(WHAT IS BEING ASKED) In the data below, locate the line containing "Clay is not" and the line containing "Rhinestone-embellished Crew-neck Cropped", then retype both and everything between them exactly. Pictures are not part of the copy.

(AVAILABLE DATA)

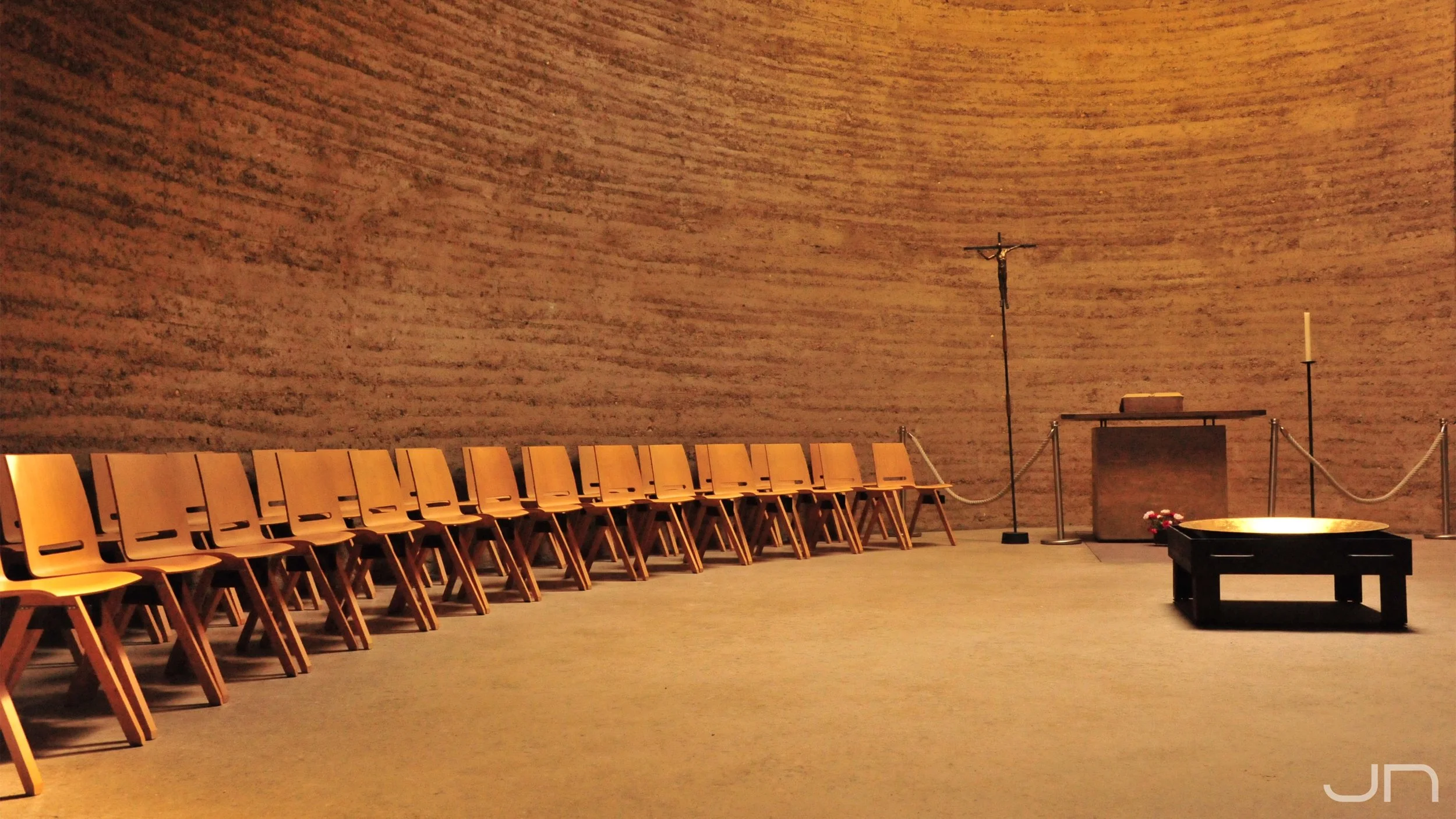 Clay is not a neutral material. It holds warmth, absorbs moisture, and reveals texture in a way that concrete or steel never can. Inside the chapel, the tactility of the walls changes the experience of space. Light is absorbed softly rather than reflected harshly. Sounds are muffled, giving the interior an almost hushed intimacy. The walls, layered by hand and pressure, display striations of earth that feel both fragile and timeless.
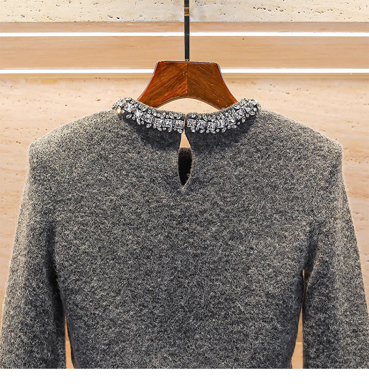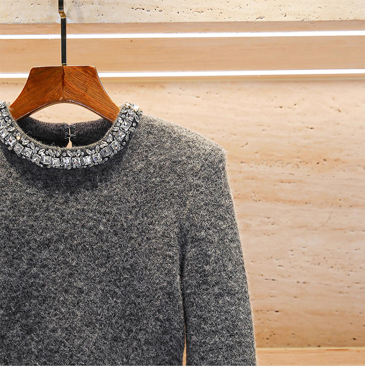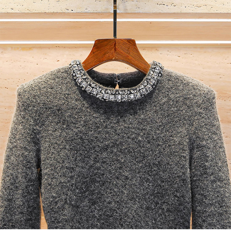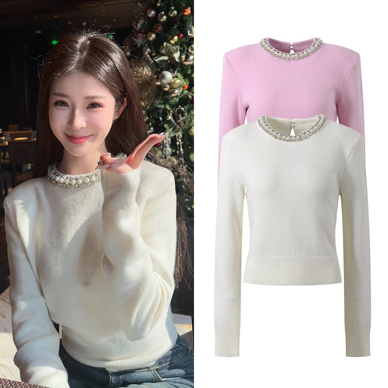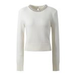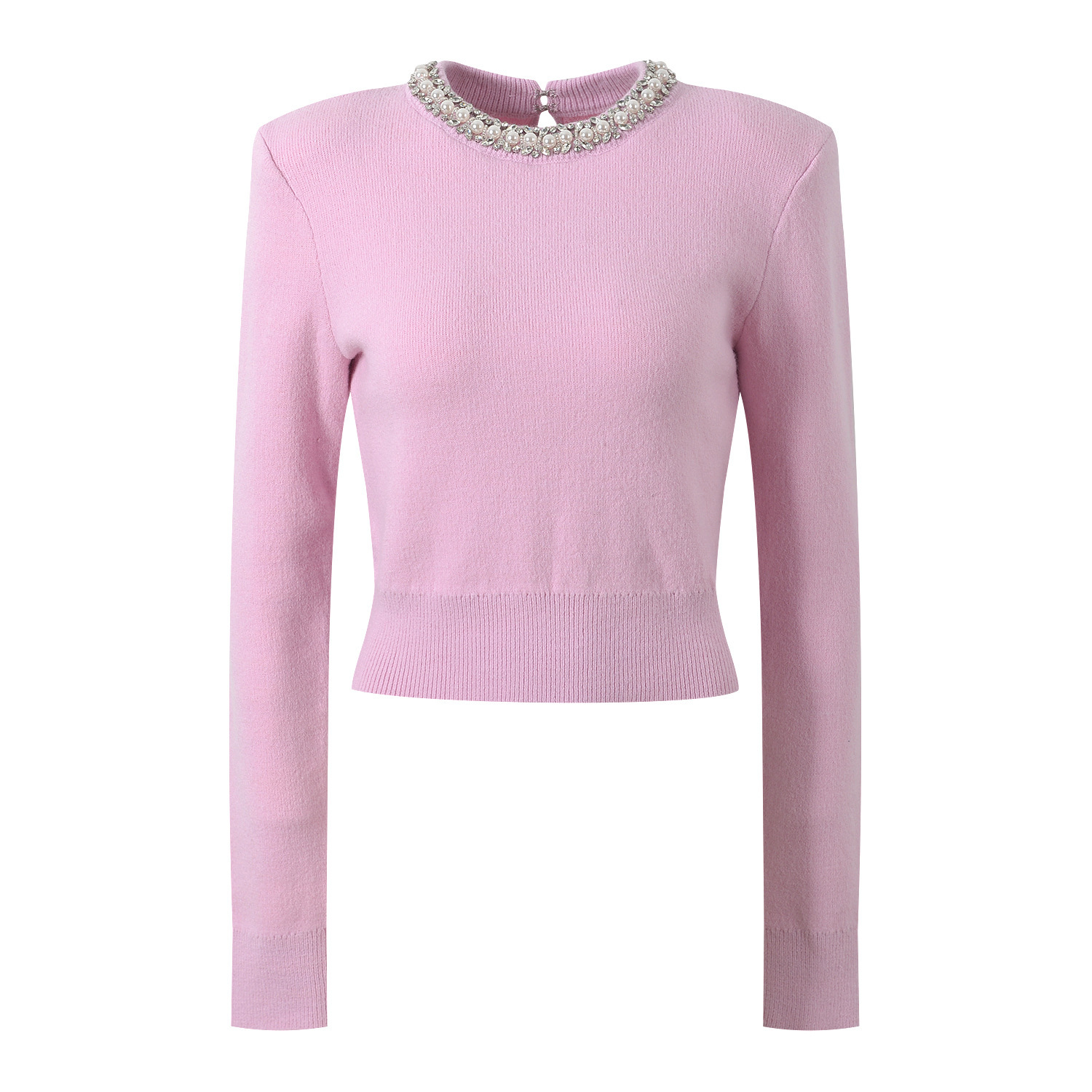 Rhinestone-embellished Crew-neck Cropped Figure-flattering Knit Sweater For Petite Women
--
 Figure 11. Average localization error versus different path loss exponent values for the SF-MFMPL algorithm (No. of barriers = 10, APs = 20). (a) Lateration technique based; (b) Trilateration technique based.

(SOLUTION BELOW)
 Clay is not a neutral material. It holds warmth, absorbs moisture, and reveals texture in a way that concrete or steel never can. Inside the chapel, the tactility of the walls changes the experience of space. Light is absorbed softly rather than reflected harshly. Sounds are muffled, giving the interior an almost hushed intimacy. The walls, layered by hand and pressure, display striations of earth that feel both fragile and timeless.
 Rhinestone-embellished Crew-neck Cropped Figure-flattering Knit Sweater For Petite Women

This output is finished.